Смерть, разложение — это только залог новой жизни, лучшей жизни. Так следует смотреть на историю и на разложение в окружающей нас жизни. Этот взгляд один может спасти нас от отчаяния, полагал Розанов, и исполнить самой крепкой веры в минуты, когда уже настает, кажется, конец для всякой веры.

Умирая, жизнь, представляющая собой соединение добра и зла, выделяет их «в чистом виде». Именно добро, которому предстоит погибнуть после упорной борьбы со злом, выражено, по мысли Розанова, с беспримерной силой в «Легенде о Великом инквизиторе».

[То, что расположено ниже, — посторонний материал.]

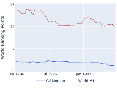 Gil Morgan's peak world ranking occured on June 17, 1996, when he was ranked #76 with 2.160 world ranking points.
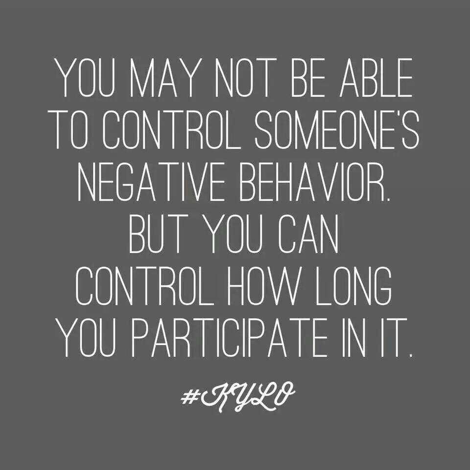 "You may not be able to control someone's negative behavior. But you can control how long you participate in it."
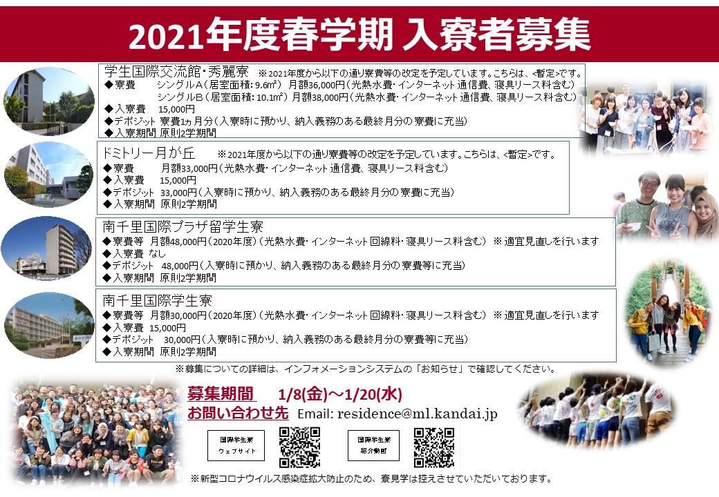 2020/11/20 2021年度春学期 国際学生寮 一般入寮者募集
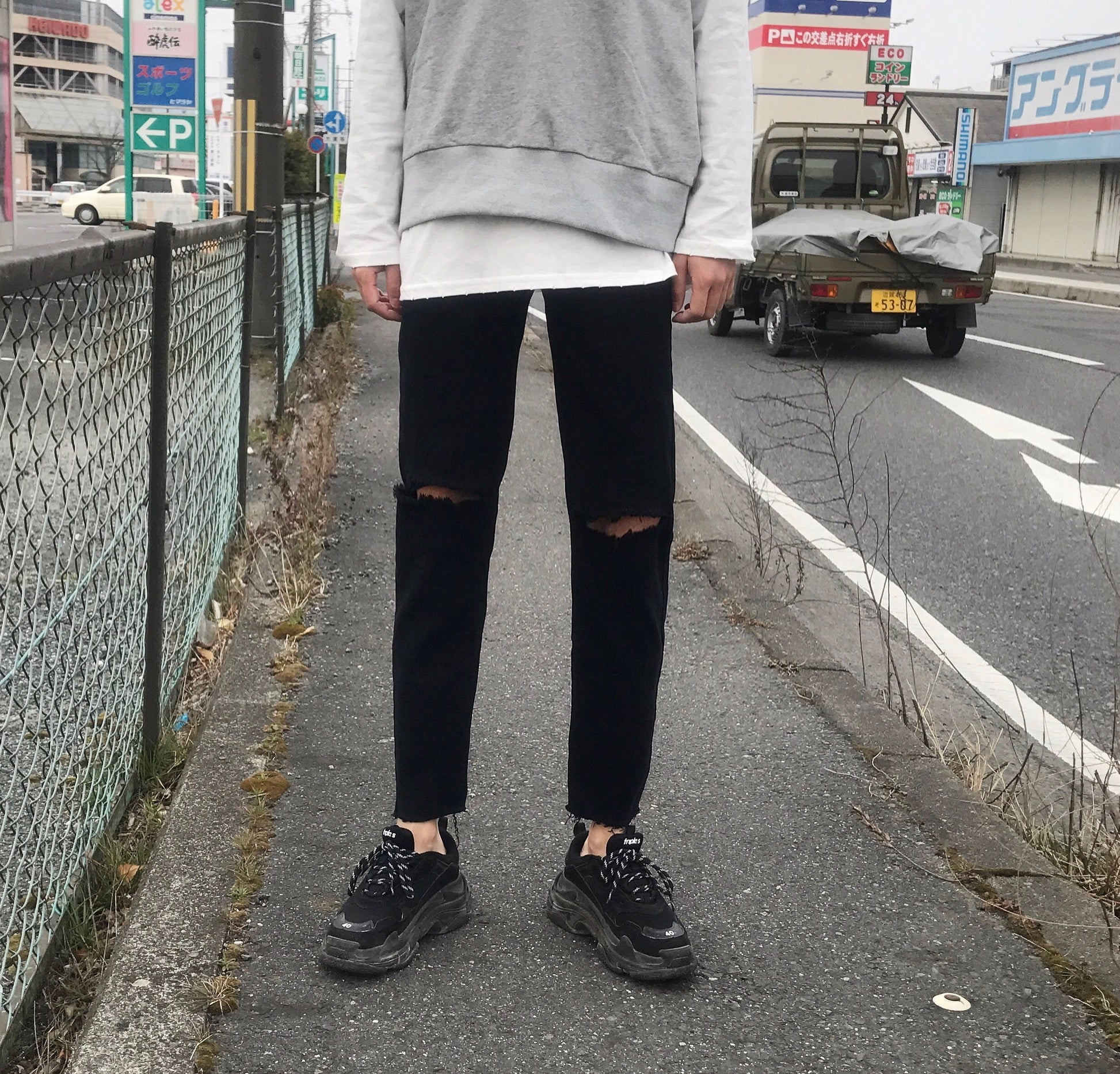 RT No. 4452 BLACK RIPPED SLIM DENIM JEANS
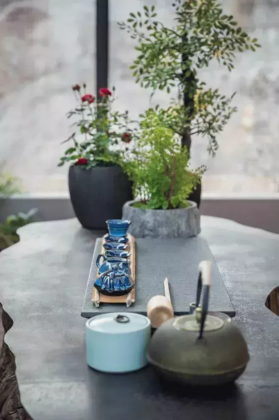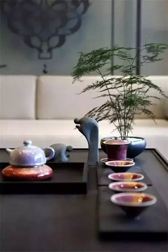 茶室贵在至简,讲求心境。所以茶室布置一般不提倡色彩鲜艳、图案繁杂。采用原木的柜体、藤竹的凳子或蒲团、素雅的桌旗、古朴的茶器……人们便能在茶香袅袅中,得到一种忘却繁事的欢愉和满足。
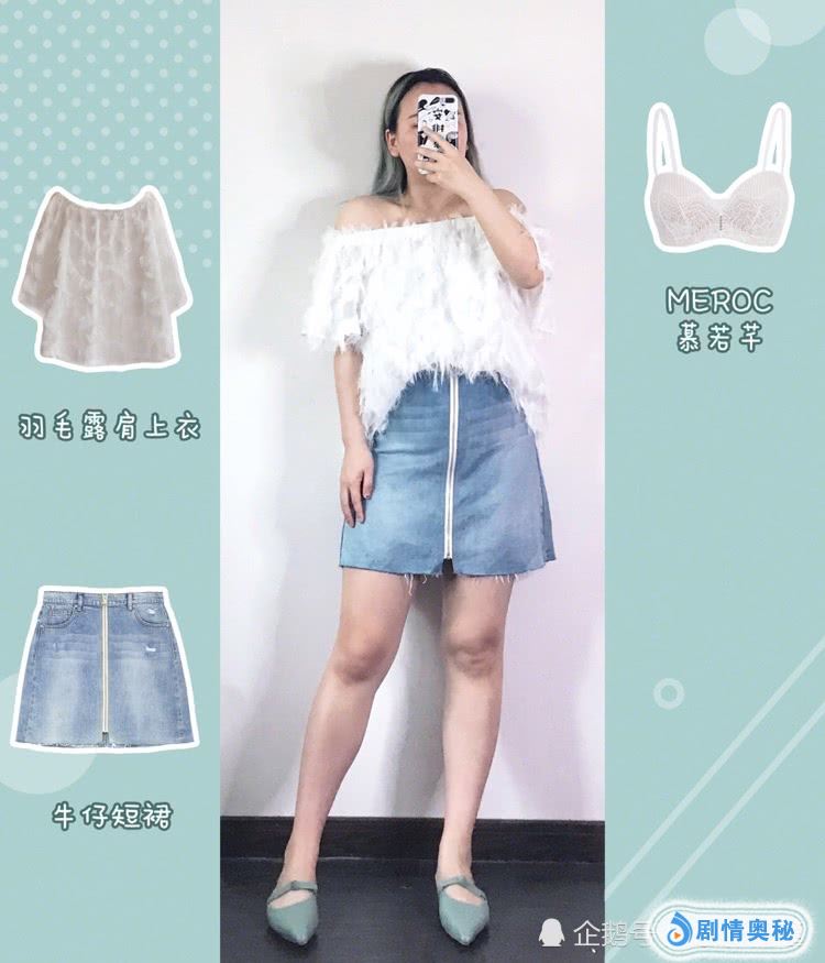 羽毛露肩上衣+牛仔裙。这件羽毛上衣真的是小仙女代表了,穿上立马感觉到仙气十足,可以白到发光。搭配一件牛仔短裙,非常简单的搭配但又很时尚的感觉。
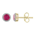 Ruby Earrings with 0.05ct Diamonds in 9K Yellow Gold
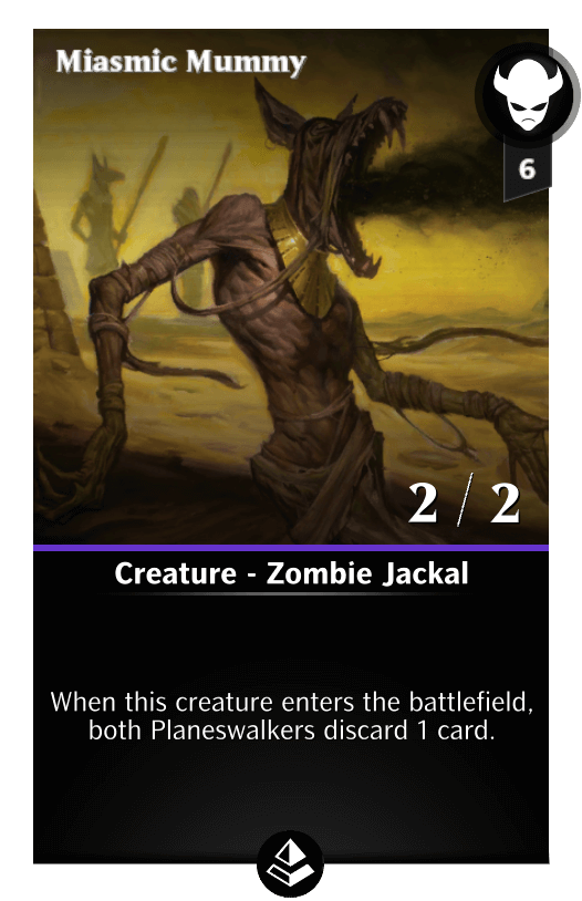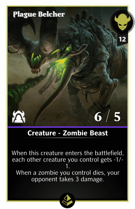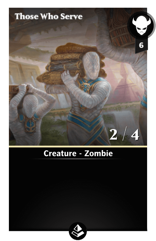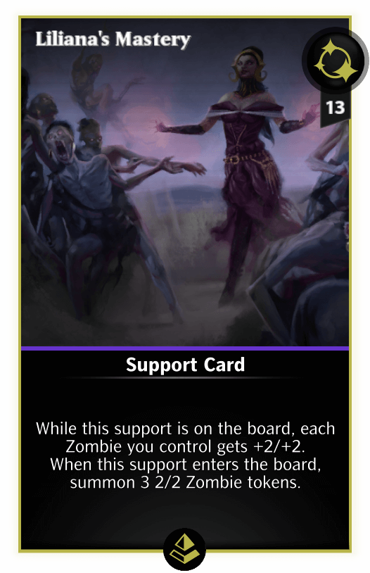 When this support enters the board, summon 3 2/2 Zombie tokens.
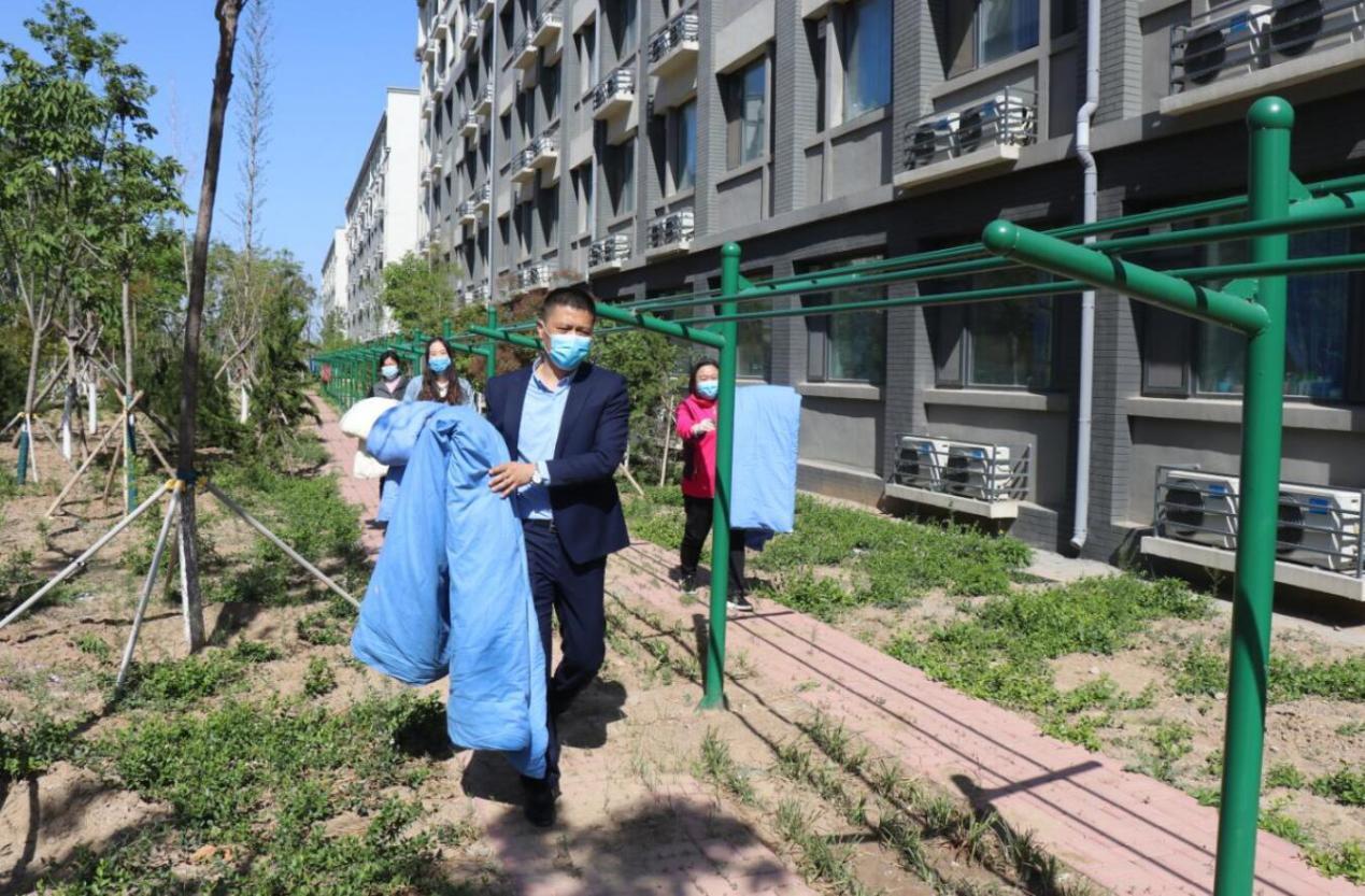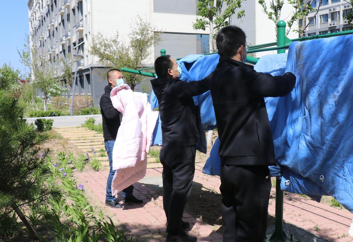 4月20日,團委學生處會同二級學院向同學們發出需求征集信息,學生通過班級群反饋需求,輔導員逐一記錄。4月22日,風輕云淡,陽光正好,70余名老師樓上樓下開始忙碌,把學生被褥抱出宿舍,一件件晾曬在公共晾衣桿上。夕陽西下時,按照標識再一件一件抱回宿舍。
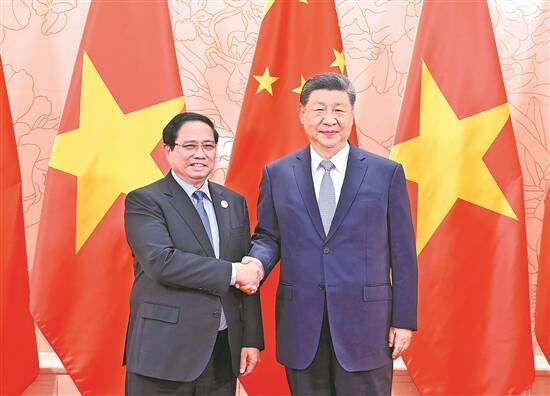 习近平指出,我今年4月对越南进行国事访问,双方就新形势下推进中越命运共同体建设达成重要共识。两国各部门各地方要加紧落实,推动中越全面战略合作取得更多实质性成果。面对加速演进的百年变局和变乱交织的国际形势,中越要坚定道路自信和制度自信,加强团结协作,推动中越命运共同体航船始终沿着正确方向稳步前行。
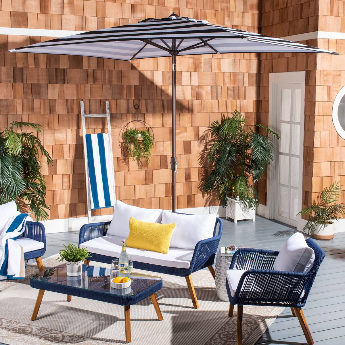 Inspired by the cosmopolitan Art Deco hotels in the heart of Miami Beach, this runway-ready market umbrella is absolutely fashion-fabulous. Its bold black and white stripes bring timeless style, and crisp clean lines and rectangular canopy make it contemporary open-air couture.
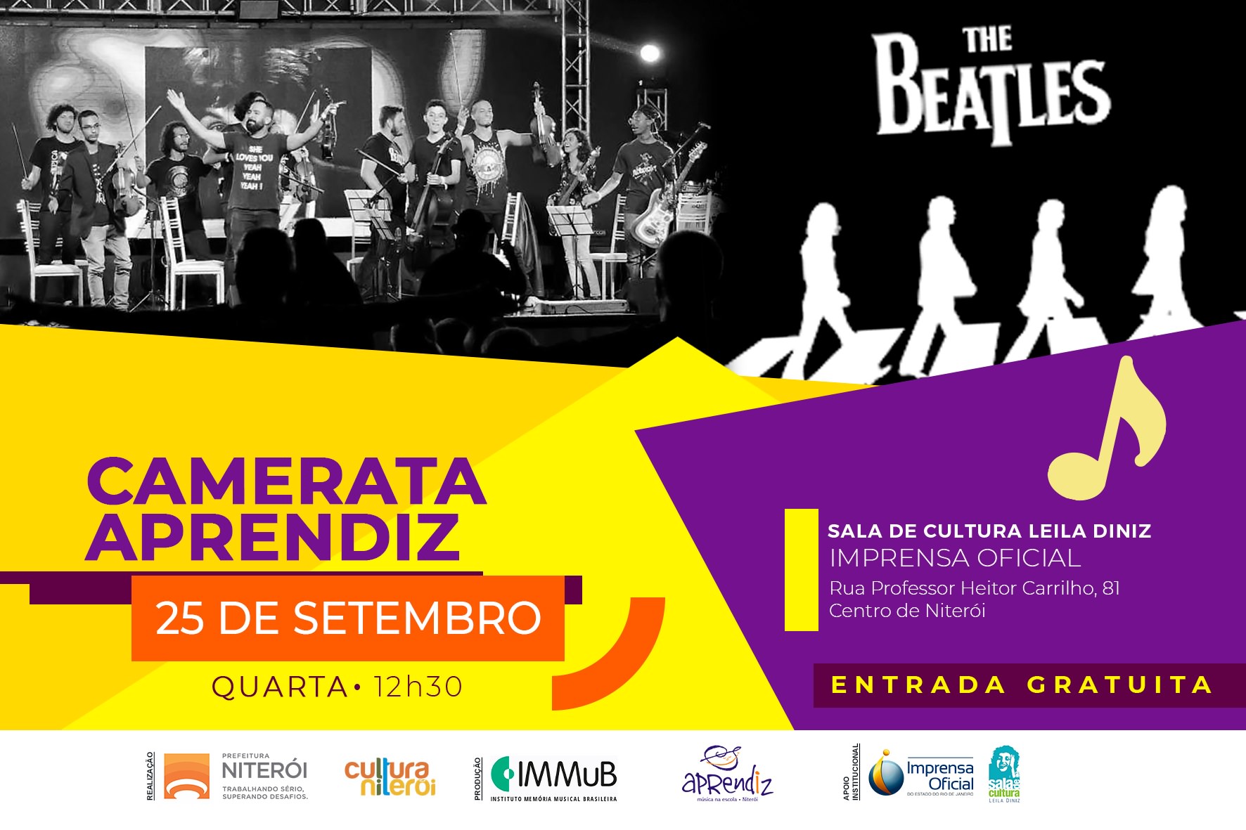 Formed by 13 Apprentice Program musicians – Music in Schools (initiative supported by the Niterói City Hall), Camerata aims to enhance the experience of being a soloist, emphasizing the scholarly and popular compositions from various periods, genders and nationalities.
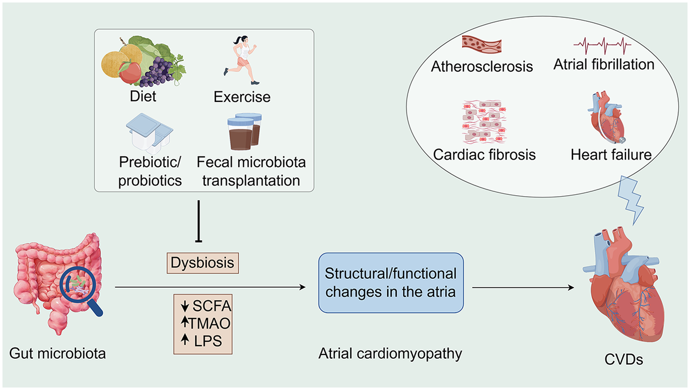 Associations between the gut microbiota, atrial cardiomyopathy, and cardiovascular diseases along potential interventions. Microbiome dysbiosis may lead to an increase in opportunistic pathogens or a decrease in SCFA-producing bacteria, which may lead to TMAO accumulation as well as a decrease in SCFA, all of which may contribute to the development of atrial cardiomyopathy and exacerbate the progression of CVDs. Conversely, interventions such as healthy diet, moderate exercise, prebiotic/probiotic use, and fecal microbiota transplantation offer opportunities to indirectly influence CVD progression. SCFA, short chain fatty acid; TMAO, trimethylamine-N-oxide; LPS, lipopolysaccharides; CVDs, cardiovascular diseases (By Figdraw).
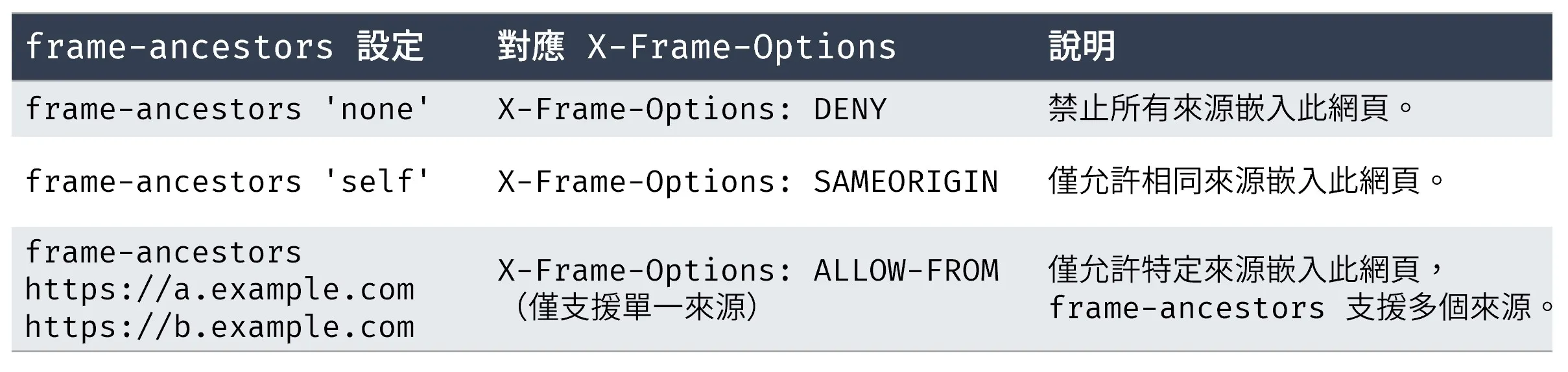 CSP 指示 frame-ancestors 可達到 X-Frame-Options 的限制效果,限制「哪些網頁可以把我用 iframe 嵌入」,frame-ancestors 設定方式對應 X-Frame-Options如下表格。
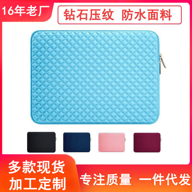 New laptop bag diamond embossed plus velvet drop-proof liner bag high-grade flat 16 inch cross-border wholesale
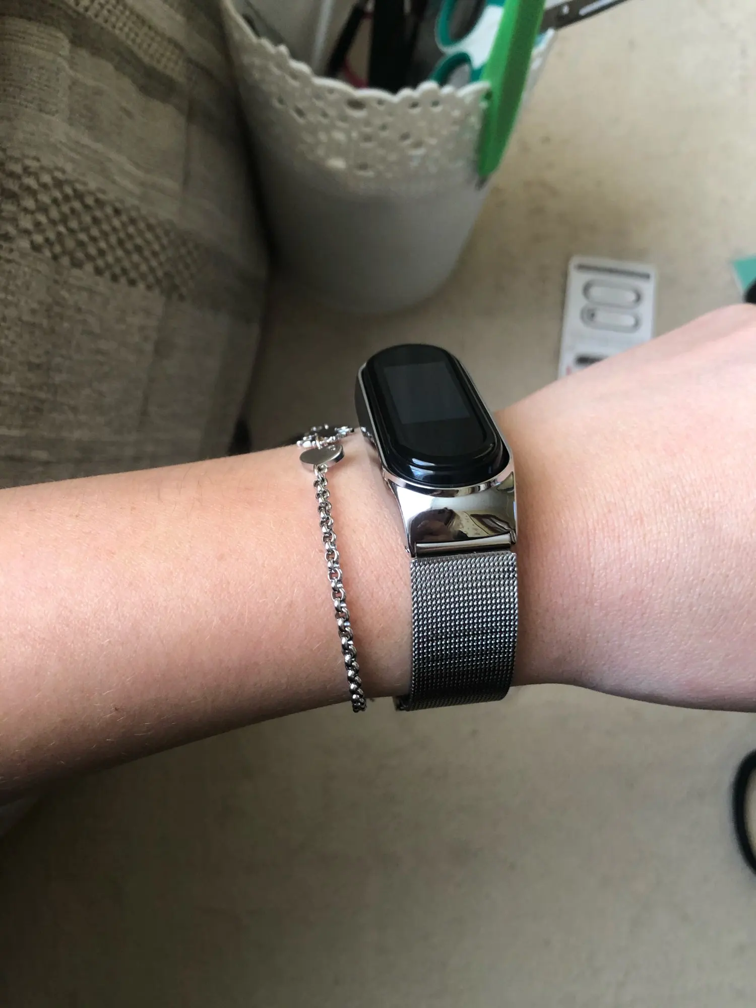 Продавца рекомендую! Браслет смотрится современно и красиво, регулируется легко за пару движений. Вместе с трекером выглядит как хорошие наручные часы. Большое спасибо!
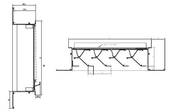 • Скобы, код 1428 входят в комплект • Для вентиляционных панелей шириной более 2395 мм требуется армирующий импост с учетом требований дизайна для соответствия амплитуде и ветровой нагрузке
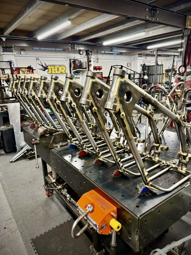 Production frames will be made out of T45 aircraft quality tubing and bronze welded in John’s superb style.

Уже в первой своей работе о Достоевском Розанов обратился к «Дневнику писателя» как к новой, своеобразной и прекрасной литературной форме, «которой в будущем, во все тревожные эпохи, вероятно, еще суждено будет играть великую роль»[152]. Субъективную форму «Дневника» он находит во всех романах и повестях Достоевского. Да и сам Розанов вскоре попытал свои силы в этом жанре, написав «Афоризмы и наблюдения» и «Эмбрионы», то есть рождающиеся мысли — прообразы будущих «опавших листьев». Отдельные «эмбрионы» были напечатаны в одном из первых сборников статей Розанова «Религия и культура» и тогда же в руководимом им литературном приложении к «Торгово-промышленной газете» появились его заметки «Из записной книжки русского писателя».

Интерес к жанру «литературно-философской мысли» зародился у Розанова очень рано. Познакомившись в 1889 году с переводом «Мыслей» Паскаля, выполненным его коллегой по Елецкой гимназии П. Д. Первовым (книга была напечатана в Петербурге в том же году), Розанов пишет оставшуюся неоконченной статью «Паскаль»[153], в которой получил отражение его интерес к этому жанру.

Прочитав первые главы «Легенды» Розанова в «Русском вестнике», К. Н. Леонтьев писал автору 13 апреля 1891 года из Оптиной Пустыни: «Читаю Ваши статьи постоянно. Чрезвычайно ценю ваши смелые и оригинальные укоры Гоголю: это великое начинание. Он был очень вреден, хотя и непреднамеренно. Но усердно молю Бога, чтобы вы поскорее переросли Достоевского с его „гармониями“, которых никогда не будет, да и не нужно»[154].

Публикуя это письмо, Василий Васильевич замечает: «„Укоры“ эти действительно у меня были; были прямы и резки и подняли в критике тех дней бурю против меня. Гоголь был священен и, как всегда для толпы, безукорен». Вместе с тем Розанов, конечно, не стремился «перерасти» Достоевского, но еще в ранних письмах Страхову мог, например, писать: «Даже у Достоевского колебалось в руках знамя. Я с улыбкою перечитываю порой его полемику с Добролюбовым: все-таки подавался, все-таки боялся».

Как бы ни менялись в дальнейшем взгляды Розанова на Достоевского (а они претерпели немалые «аберрации», как выражался Василий Васильевич), неизменным оставалось чувство: «Достоевский живет в нас. Его музыка никогда не умрет» (286). Достоевский дорог человеку, как тот «всадник в пустыне» (Дон Кихот?), с одним колчаном стрел. И капает кровь, куда попадает его стрела.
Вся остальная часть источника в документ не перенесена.